TASK DESCRIPTION – Drop all images and give the records again exactly.

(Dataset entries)

------------------------------------------------------------

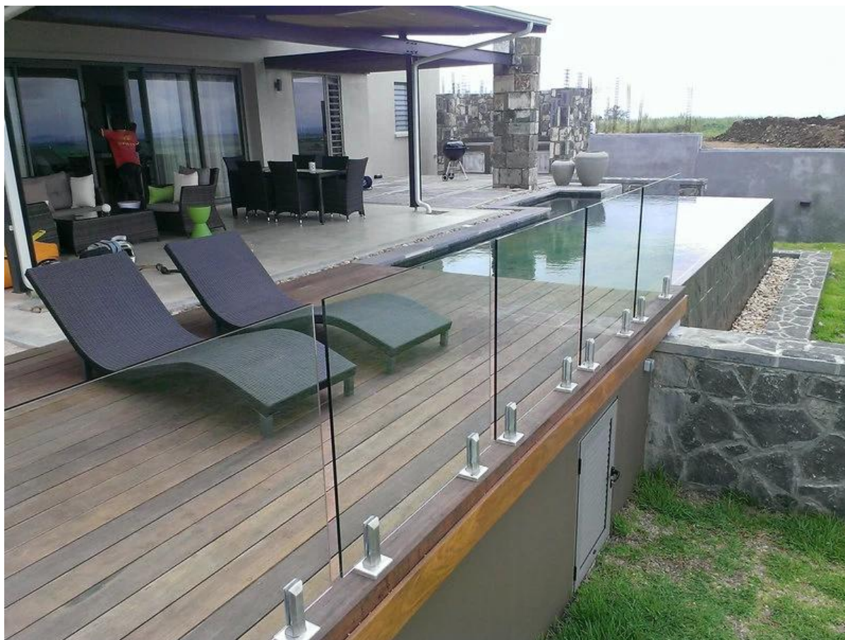
Terrasse et balcon ;
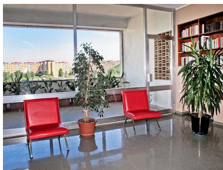
Balcone reparto di oncologia
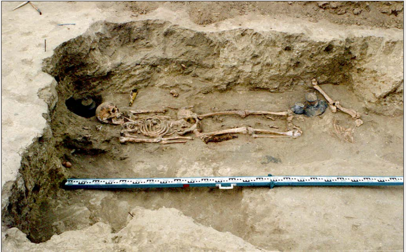
Esqueleto de guerrera, con un gran puñal de hierro en su mano derecha y dos puntas de flecha de hierro entre las piernas, siglos V-IV a. C., necrópolis 8, kurgán 1, enterramiento 6. Abajo, detalle del puñal junto al fémur. Fotografías de James Vedder, Center for the Study of Eurasian Nomads, 1992.

heridas de guerra. Algunos especialistas han sugerido que en las tumbas femeninas las armas se depositaron tan solo por razones rituales, como por ejemplo la protección simbólica de las difuntas en el Más Allá. Pero los arqueólogos aducen que la presencia de heridas de guerra en los esqueletos constituye un argumento de mayor peso para defender que las mujeres enterradas con armas fueron genuinas guerreras. En ocasiones, las puntas de flecha aún permanecen incrustadas en los huesos, como sucedía con la mujer guerrera de Tiras que antes mencioné. Un buen número de huesos y cráneos de hombres y mujeres guerreros muestra terribles lesiones infligidas por las puntiagudas hachas de guerra ( sagareis ), tajos de espada, heridas penetrantes ocasionadas por puñales y lanzas y perforaciones provocadas por proyectiles. En muchos casos, la trayectoria del ataque resulta evidente, de modo que algunos huesos también nos revelan si sus lesiones se produjeron en mitad de un combate cuerpo a cuerpo o durante una huida a caballo, o si se trata de laceraciones post mortem . La consiguiente descripción de las heridas evoca escenas de violentas batallas y duelos. Sin ir más lejos, un estudio de los esqueletos de un varón y una mujer escitas con heridas en la cabeza provocadas por hachas de guerra ( vid. infra , detalladas) demostró que la mayor parte de los impactos fueron
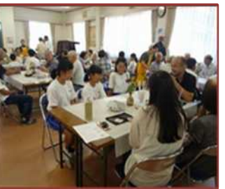
より曾井サロンへの参加 (三重平中)
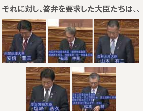
それに対し、答弁を要求した大臣たちは、... 官僚が準備した機械的な答弁に終始し、議論は深まらず
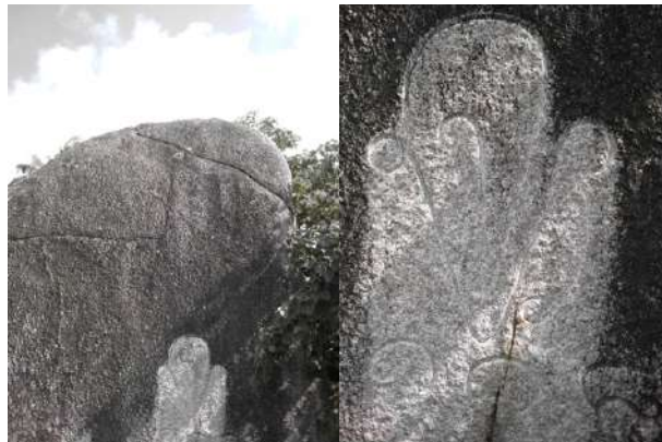
(ภาพจารึกพระปรมาภิไธยย่อ "จ.ป.ร." บนแผ่นหินศิลาแลงขนาดใหญ่ที่ตั้งอยู่บริเวณริมหาดทรายรี ของเกาะเต่า)

เหตุการณ์ประวัติศาสตร์นี้เกิดขึ้นเมื่อวันที่ ๑๘ มิถุนายน ร.ศ. ๑๑๘ (พ.ศ. ๒๔๔๒) พระองค์ทรงนำเรือพระที่นั่งมหาจักรีมาจอดเทียบท่า ณ บริเวณอ่าวแม่หาด และได้เสด็จฯ ขึ้นบกเพื่อทอดพระเนตรสภาพความเป็นอยู่และธรรมชาติอันบริสุทธิ์ของเกาะเต่า ณ บริเวณ หาดทรายรี ซึ่งเป็นหาดทรายขาวละเอียดทอดยาวงดงาม ในการนี้ พระองค์ทรงโปรดเกล้าฯ ให้ จารึกพระปรมาภิไธยย่อ "จ.ป.ร." ลงบนแผ่นหินศิลาแลงขนาดใหญ่ที่ตั้งตระหง่านอยู่ริมชายหาด เพื่อเป็นหมุดหมายแห่งความทรงจำว่า ครั้งหนึ่งสมมติเทพแห่งสยามได้เคยเสด็จมาเยือนดินแดนแห่งนี้
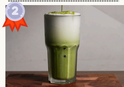
Matcha Latte 抹茶ラッテ Hot/Iced $6.0/$8.0
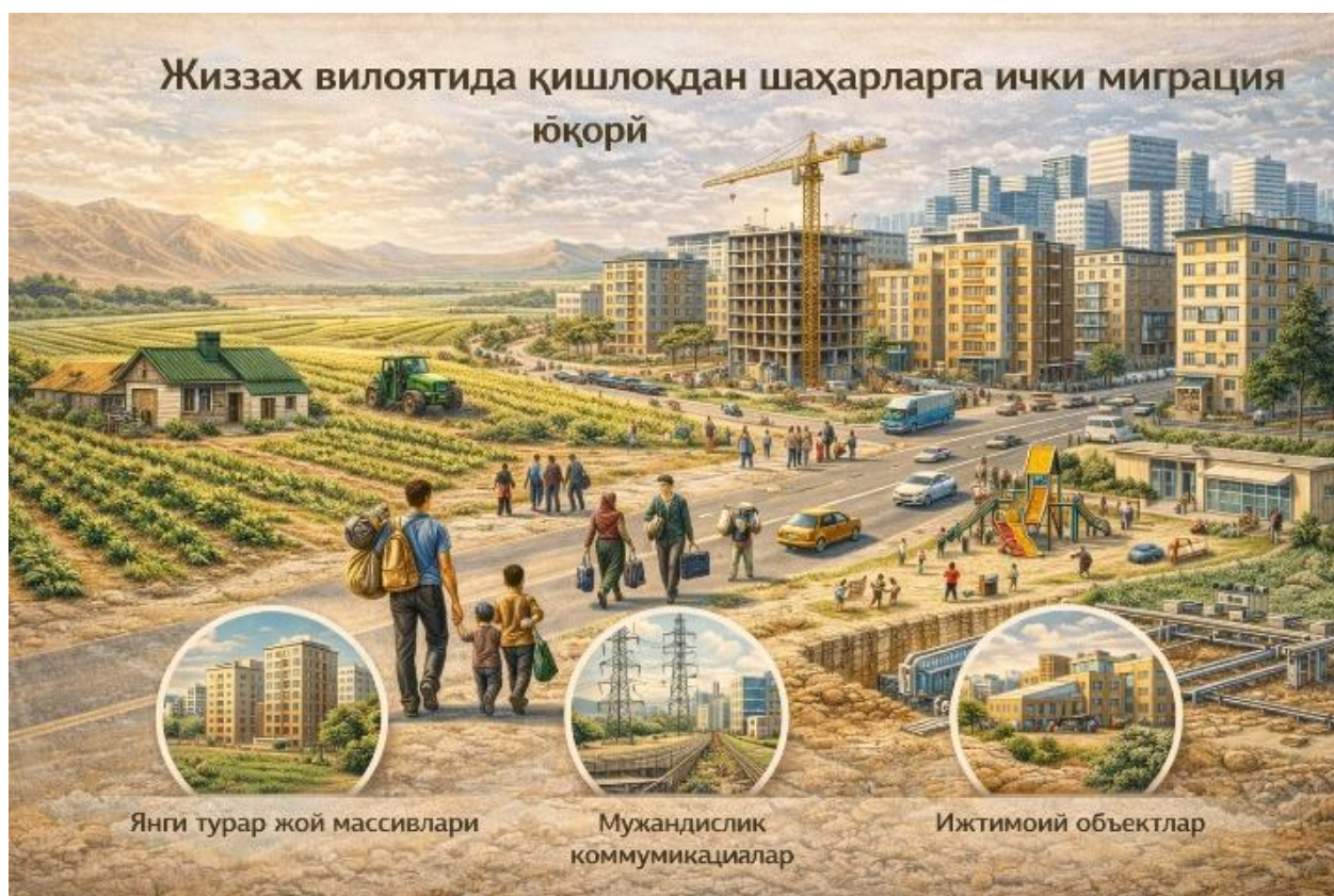
5-расм. Жиззах вилояти ички миграцияси

коммуникациялари, транспорт тармоқлари ҳамда ижтимоий объектларга бўлган талаб ортиб бормоқда (5-расм).
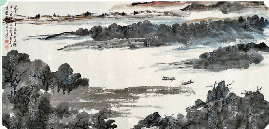
◆饒宗頤畫作《荔枝角海灘》
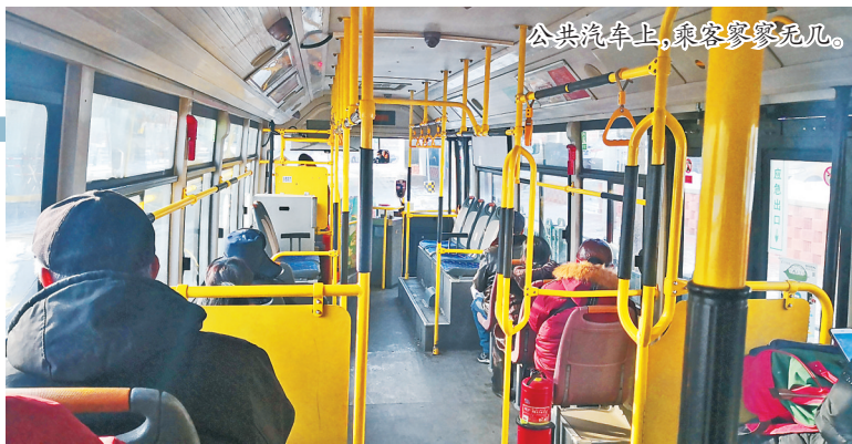
公共汽车上,乘客寥寥无几。

记者走访了解到,连日来,由于出行乘坐人数骤减,哈市超过1.5万辆出租车和接近6000辆公交车,都在调整各自的运营模式。与往日相比,各条主街和辅街略显空荡,早晚高峰也不再堵车问题。
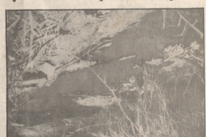
Το σημείο του Ξεροπόταμου όπου εμφανίστηκαν τα απόβλητα.

Η «Π» πήγε χθες στον Ξεροπόταμο και μίλησε με τους κατοίκους και οι οποίοι εξέφρασαν την ανησυχία τους για το φαινόμενο αυτό και έδειξαν αποφασισμέ-
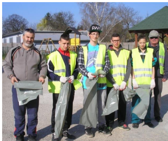
Szemégyűjtés a faluban

- Tisztelt Nagysimonyiak! Környezetünk tisztán- és rendben tartása közös ügyünk, ezért kérünk mindenkit, hogy ilyenkor tavasz tájt évente legalább egy alkalommal az ingatlanjukra bevezető hidak, átérsek állapotát ellenőrizzék és az odatartozó árokszakasszal együtt takarítsák!
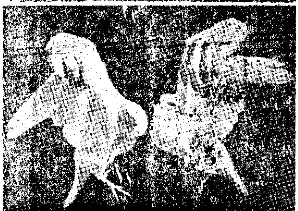
乳鴿生長情形：鴿蛋
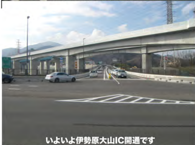
いよいよ伊勢原大山IC開通です
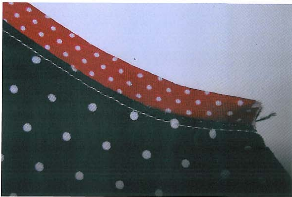
Foto 15 Stik de naad smal op de kant op het achterpand door.
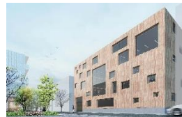
CLTを活用した街づくりの実証

※ BIM(Building Information Modeling)…コンピュータ上で部材の仕様等の様々な属性情報を併せ持つ3次元の建築物のモデルを構築するシステム
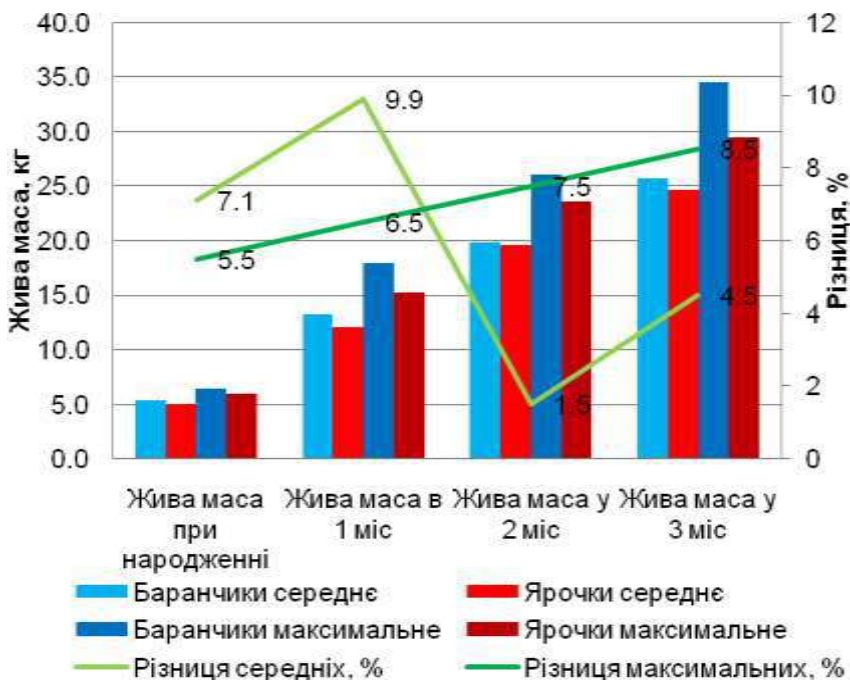
Рис. 1. Динаміка живої маси молодняку

Середньодобові прирости ягнят були нерівномірними в різні вікові періоди та залежали від їх статі (табл. 2).
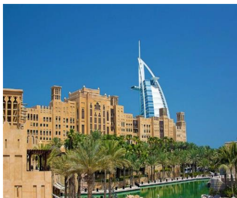
杜拜老城區半日遊 + 哈利法塔
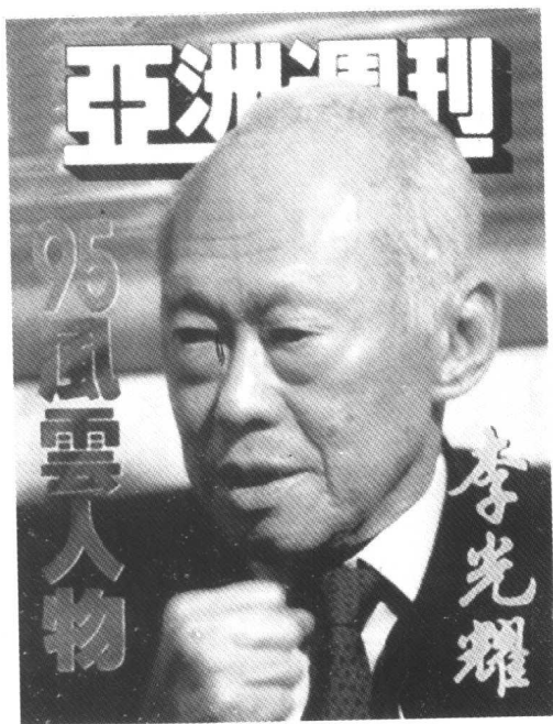
李光耀被《亚洲周刊》评为'95风云人物。
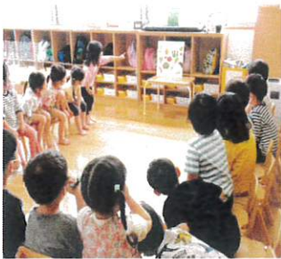
野菜の絵本を見て
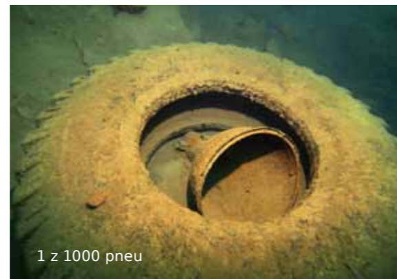
1 z 1000 pneu
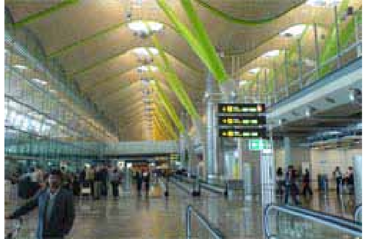
Terminal T4 del aeropuerto de Madrid-Barajas

------------------------------------------------------------

SOLUTION TO THIS PROBLEM –
Terrasse et balcon ;
Balcone reparto di oncologia
Esqueleto de guerrera, con un gran puñal de hierro en su mano derecha y dos puntas de flecha de hierro entre las piernas, siglos V-IV a. C., necrópolis 8, kurgán 1, enterramiento 6. Abajo, detalle del puñal junto al fémur. Fotografías de James Vedder, Center for the Study of Eurasian Nomads, 1992.

heridas de guerra. Algunos especialistas han sugerido que en las tumbas femeninas las armas se depositaron tan solo por razones rituales, como por ejemplo la protección simbólica de las difuntas en el Más Allá. Pero los arqueólogos aducen que la presencia de heridas de guerra en los esqueletos constituye un argumento de mayor peso para defender que las mujeres enterradas con armas fueron genuinas guerreras. En ocasiones, las puntas de flecha aún permanecen incrustadas en los huesos, como sucedía con la mujer guerrera de Tiras que antes mencioné. Un buen número de huesos y cráneos de hombres y mujeres guerreros muestra terribles lesiones infligidas por las puntiagudas hachas de guerra ( sagareis ), tajos de espada, heridas penetrantes ocasionadas por puñales y lanzas y perforaciones provocadas por proyectiles. En muchos casos, la trayectoria del ataque resulta evidente, de modo que algunos huesos también nos revelan si sus lesiones se produjeron en mitad de un combate cuerpo a cuerpo o durante una huida a caballo, o si se trata de laceraciones post mortem . La consiguiente descripción de las heridas evoca escenas de violentas batallas y duelos. Sin ir más lejos, un estudio de los esqueletos de un varón y una mujer escitas con heridas en la cabeza provocadas por hachas de guerra ( vid. infra , detalladas) demostró que la mayor parte de los impactos fueron
より曾井サロンへの参加 (三重平中)
それに対し、答弁を要求した大臣たちは、... 官僚が準備した機械的な答弁に終始し、議論は深まらず
(ภาพจารึกพระปรมาภิไธยย่อ "จ.ป.ร." บนแผ่นหินศิลาแลงขนาดใหญ่ที่ตั้งอยู่บริเวณริมหาดทรายรี ของเกาะเต่า)

เหตุการณ์ประวัติศาสตร์นี้เกิดขึ้นเมื่อวันที่ ๑๘ มิถุนายน ร.ศ. ๑๑๘ (พ.ศ. ๒๔๔๒) พระองค์ทรงนำเรือพระที่นั่งมหาจักรีมาจอดเทียบท่า ณ บริเวณอ่าวแม่หาด และได้เสด็จฯ ขึ้นบกเพื่อทอดพระเนตรสภาพความเป็นอยู่และธรรมชาติอันบริสุทธิ์ของเกาะเต่า ณ บริเวณ หาดทรายรี ซึ่งเป็นหาดทรายขาวละเอียดทอดยาวงดงาม ในการนี้ พระองค์ทรงโปรดเกล้าฯ ให้ จารึกพระปรมาภิไธยย่อ "จ.ป.ร." ลงบนแผ่นหินศิลาแลงขนาดใหญ่ที่ตั้งตระหง่านอยู่ริมชายหาด เพื่อเป็นหมุดหมายแห่งความทรงจำว่า ครั้งหนึ่งสมมติเทพแห่งสยามได้เคยเสด็จมาเยือนดินแดนแห่งนี้
Matcha Latte 抹茶ラッテ Hot/Iced $6.0/$8.0
5-расм. Жиззах вилояти ички миграцияси

коммуникациялари, транспорт тармоқлари ҳамда ижтимоий объектларга бўлган талаб ортиб бормоқда (5-расм).
◆饒宗頤畫作《荔枝角海灘》
公共汽车上,乘客寥寥无几。

记者走访了解到,连日来,由于出行乘坐人数骤减,哈市超过1.5万辆出租车和接近6000辆公交车,都在调整各自的运营模式。与往日相比,各条主街和辅街略显空荡,早晚高峰也不再堵车问题。
Το σημείο του Ξεροπόταμου όπου εμφανίστηκαν τα απόβλητα.

Η «Π» πήγε χθες στον Ξεροπόταμο και μίλησε με τους κατοίκους και οι οποίοι εξέφρασαν την ανησυχία τους για το φαινόμενο αυτό και έδειξαν αποφασισμέ-
Szemégyűjtés a faluban

- Tisztelt Nagysimonyiak! Környezetünk tisztán- és rendben tartása közös ügyünk, ezért kérünk mindenkit, hogy ilyenkor tavasz tájt évente legalább egy alkalommal az ingatlanjukra bevezető hidak, átérsek állapotát ellenőrizzék és az odatartozó árokszakasszal együtt takarítsák!
乳鴿生長情形：鴿蛋
いよいよ伊勢原大山IC開通です
Foto 15 Stik de naad smal op de kant op het achterpand door.
CLTを活用した街づくりの実証

※ BIM(Building Information Modeling)…コンピュータ上で部材の仕様等の様々な属性情報を併せ持つ3次元の建築物のモデルを構築するシステム
Рис. 1. Динаміка живої маси молодняку

Середньодобові прирости ягнят були нерівномірними в різні вікові періоди та залежали від їх статі (табл. 2).
杜拜老城區半日遊 + 哈利法塔
李光耀被《亚洲周刊》评为'95风云人物。
野菜の絵本を見て
1 z 1000 pneu
Terminal T4 del aeropuerto de Madrid-Barajas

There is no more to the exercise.